■ TO DO: Print exactly the lines from the one containing "black and white" through the last line of the listing, both included.

■ TASK INPUT:
────────

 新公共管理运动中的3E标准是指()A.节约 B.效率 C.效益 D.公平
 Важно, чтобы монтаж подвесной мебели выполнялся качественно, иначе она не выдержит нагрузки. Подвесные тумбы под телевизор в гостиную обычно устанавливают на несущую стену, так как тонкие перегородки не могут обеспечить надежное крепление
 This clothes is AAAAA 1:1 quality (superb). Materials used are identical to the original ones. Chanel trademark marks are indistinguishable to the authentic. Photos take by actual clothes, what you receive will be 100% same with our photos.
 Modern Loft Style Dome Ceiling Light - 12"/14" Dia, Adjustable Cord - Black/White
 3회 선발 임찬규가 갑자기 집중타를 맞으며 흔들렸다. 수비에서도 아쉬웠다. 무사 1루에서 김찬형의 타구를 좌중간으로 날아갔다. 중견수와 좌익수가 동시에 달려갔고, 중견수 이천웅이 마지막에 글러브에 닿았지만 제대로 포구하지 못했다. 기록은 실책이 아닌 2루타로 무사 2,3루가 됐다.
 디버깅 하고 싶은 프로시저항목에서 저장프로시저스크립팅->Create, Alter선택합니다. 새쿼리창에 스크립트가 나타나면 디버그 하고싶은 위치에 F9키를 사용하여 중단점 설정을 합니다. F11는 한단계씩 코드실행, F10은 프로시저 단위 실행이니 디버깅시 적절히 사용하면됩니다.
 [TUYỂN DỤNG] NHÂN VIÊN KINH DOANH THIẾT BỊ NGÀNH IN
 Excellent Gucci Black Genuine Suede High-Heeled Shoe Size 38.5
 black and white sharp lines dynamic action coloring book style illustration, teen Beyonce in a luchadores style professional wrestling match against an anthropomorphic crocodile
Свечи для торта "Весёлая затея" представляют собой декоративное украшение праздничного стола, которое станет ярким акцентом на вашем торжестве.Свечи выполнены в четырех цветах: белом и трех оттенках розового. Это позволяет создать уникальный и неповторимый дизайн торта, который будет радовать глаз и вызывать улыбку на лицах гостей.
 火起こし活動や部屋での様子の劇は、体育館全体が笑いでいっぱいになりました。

────────

■ EXERCISE OUTPUT:
 black and white sharp lines dynamic action coloring book style illustration, teen Beyonce in a luchadores style professional wrestling match against an anthropomorphic crocodile
Свечи для торта "Весёлая затея" представляют собой декоративное украшение праздничного стола, которое станет ярким акцентом на вашем торжестве.Свечи выполнены в четырех цветах: белом и трех оттенках розового. Это позволяет создать уникальный и неповторимый дизайн торта, который будет радовать глаз и вызывать улыбку на лицах гостей.
 火起こし活動や部屋での様子の劇は、体育館全体が笑いでいっぱいになりました。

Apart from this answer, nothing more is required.